Question

An 30-turn coil has square loops measuring 0.341 m along a side and a resistance of 3.61 Ω. It is placed in a magnetic field that makes an angle of 37.5° with the plane of each loop. The magnitude of this field varies with time according to B = 1.45t^3, where t is measured in seconds and B in teslas.
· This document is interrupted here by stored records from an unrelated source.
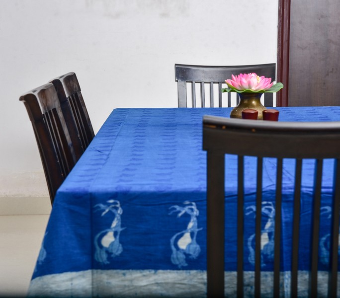 Indigo dyed cushions, mats, curtains, clothing, fashion accessories, tablecloths and napkins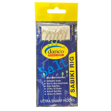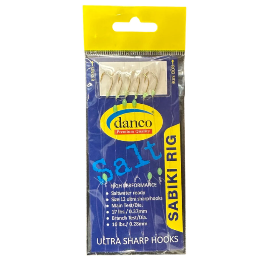The DANCO Goggle Eye Sabiki Rig is designed to maximize your catch when targeting live bait and larger species. Built with bright, super-sharp gold hooks, this rig delivers excellent penetration and holding power. Each hook is paired with a glow bead and reflective fish skin, creating added flash and attraction in both low-light and deep-water conditions to increase strike rates. Constructed with a heavier pound-test monofilament, the rig offers enhanced strength and durability, making it ideal for handling larger baits and aggressive fish. Whether fishing offshore or nearshore, the Danco Goggle Eye Sabiki Rig provides reliable performance, superior visibility, and proven fish-attracting features for consistent success.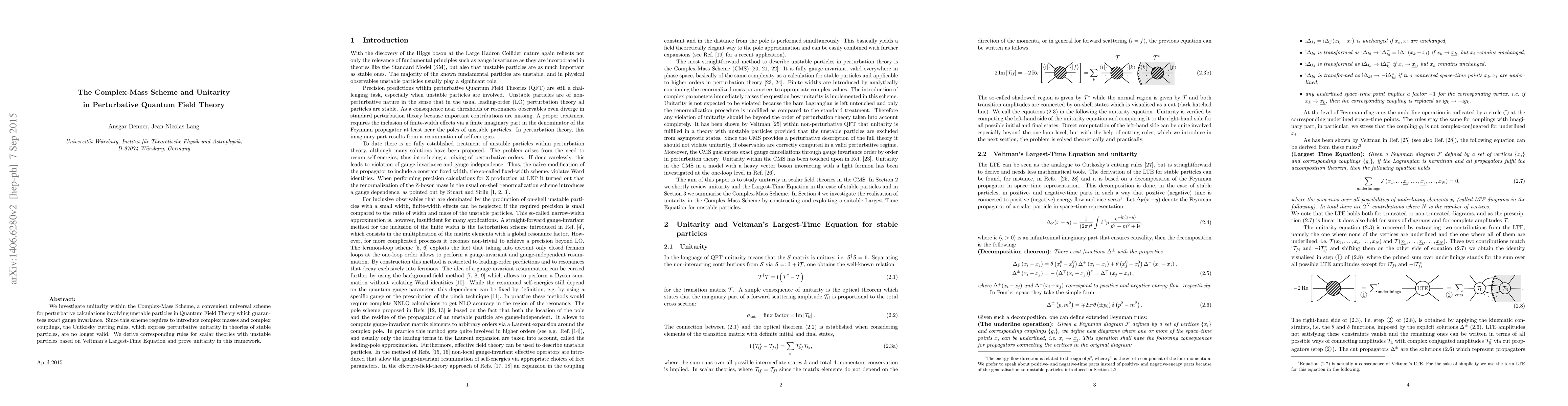 This paper explores unitarity in the Complex-Mass Scheme for perturbative Quantum Field Theory, addressing the challenge of unstable particles. It derives new cutting rules based on Veltman's Largest-Time Equation, proving unitarity in this framework where complex masses and couplings are used.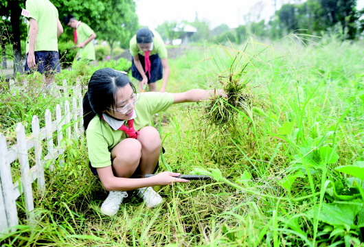8月31日,嘉兴市新丰镇中心小学学生在校园农场除草。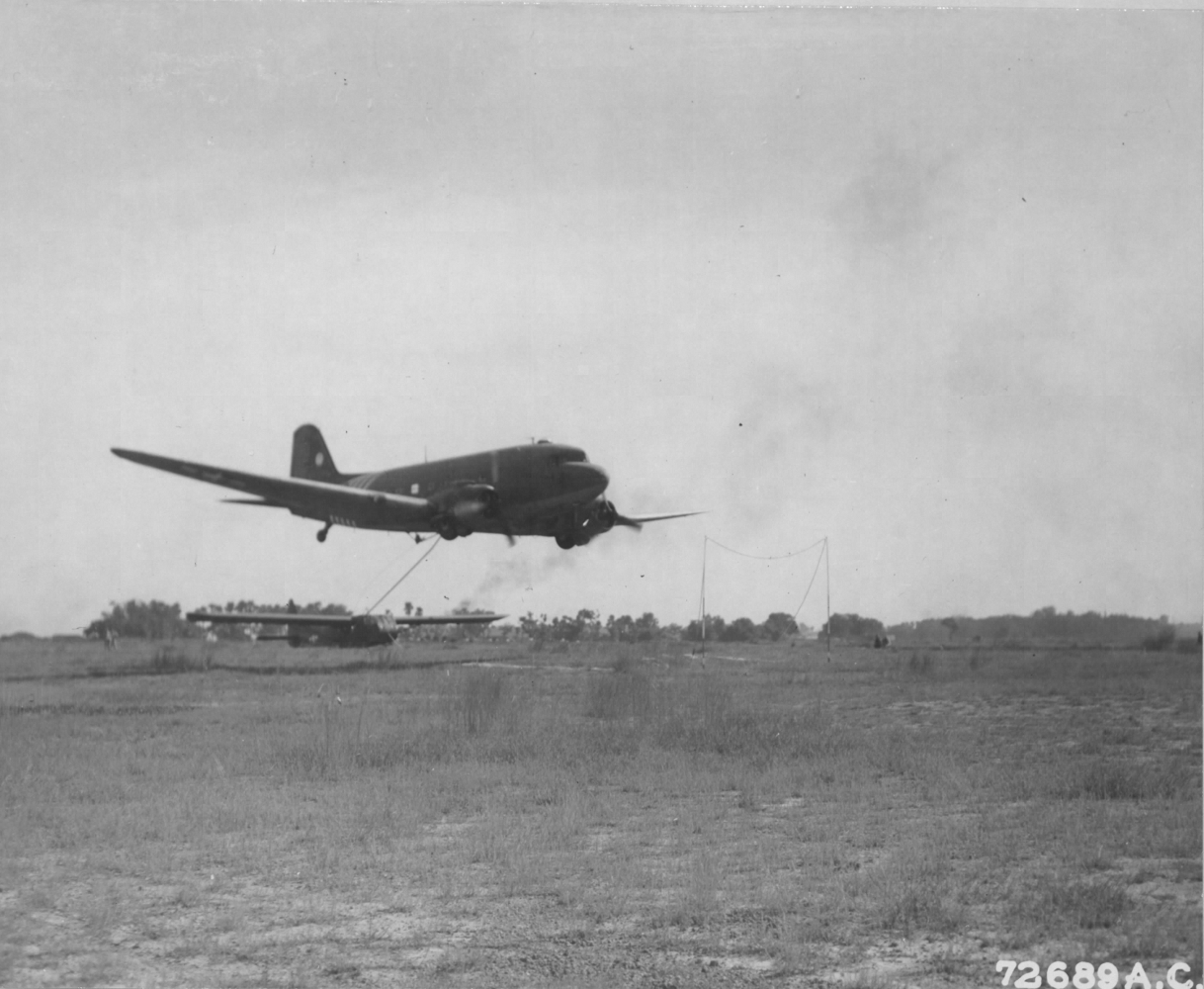 The British commando leader Orde Wingate asked for light aircraft to evacuate his wounded from the jungles of Burma. By the time Philip Cochran arrived in November 1943, however, the light aircraft operation had expanded into a full-blown air task force, later designated the 1st Air Commando Group. In addition to four squadrons of small liaison planes, Cochran and Alison brought two fighter squadrons, a medium bomber squadron, and a troop carrier squadron, which included both C-47 transport aircraft and CG-4 gliders. The gliders were a great innovation. Instead of Wingate’s troops pushing deep behind enemy lines on foot, Cochran and Alison proposed to insert them by air. The gliders could land in jungle clearings, disgorge troops and equipment, and then be “snatched” out again by low-flying transports specially equipped with a hook and reel assembly.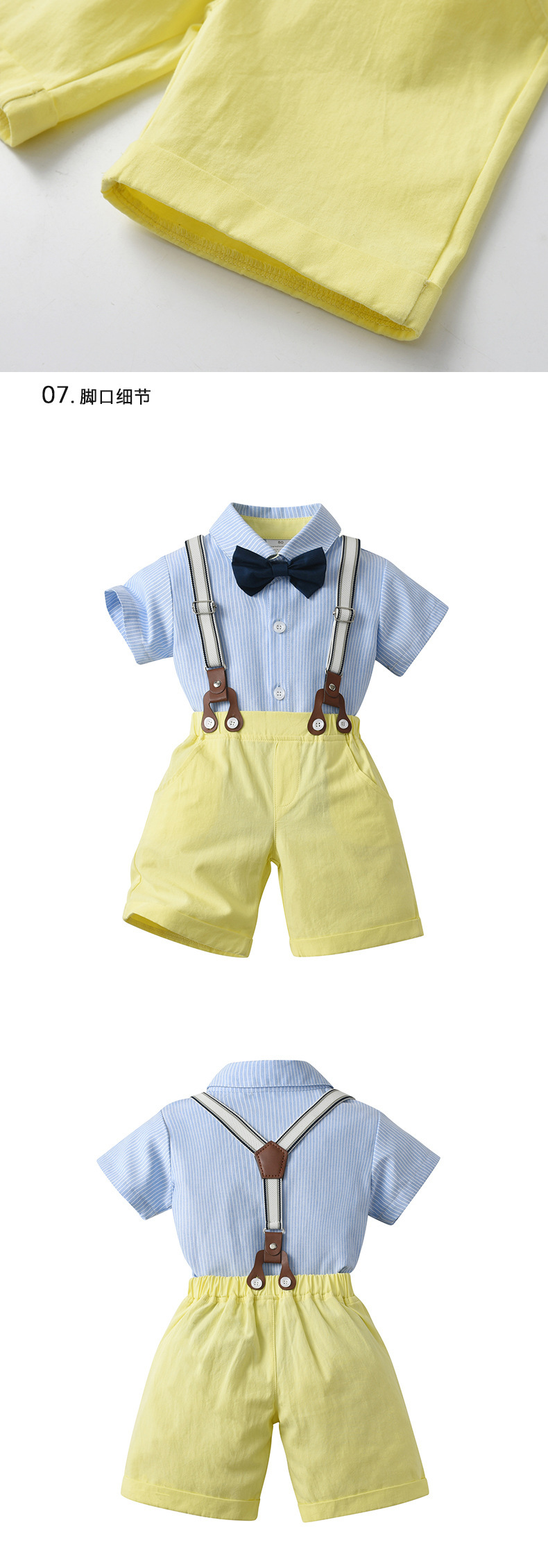 80码-90码-100码-110码-120码-130码   2024欧美童装批发夏季短袖两件套宝宝衣服儿童背带裤礼服男童套装

What is the induced current in the coil at t = 1.73 s?

Answer 1

Answer:

Thus, the induced current in the coil at $t =1.73s$ is 9.98 A.

Explanation:

Faraday's law says

$\varepsilon = N \frac{d \Phi_B}{dt}$

where $N$ is the number of turns and $\Phi_B$ is the magnetic flux through the square coil:

Now,

$N = 30$

$\theta = 37.5^o$

$A = (0.341m)^2= 0.11623m^2$

$B = 1.45t^3$;

therefore,

$\varepsilon = N \frac{d \Phi_B}{dt} = N\frac{d ( BA\:cos(\theta))}{dt} = 30*\frac{d ( (1.45t^2)(0.1163)\:cos(37.5^o))}{dt}$

$=30*(0.1163)\:cos(37.5^o)*1.45*\dfrac{d ( t^3)}{dt} = 12.04t^2$

$\boxed{\varepsilon = 12.04t^2}$

is the emf induced in the coil.

Now, the loop is connected to $R = 3.61\Omega$ resistance; therefore, at $t = 1.73s$

$\varepsilon = RI = 12.04t^2$

$RI = 12.04(1.73)^2$

$RI = 36.03$

$I = \dfrac{36.03}{3.61\Omega }$

$\boxed{I = 9.98A }$

Thus, the current in the coil at $t =1.73s$ is 9.98 A.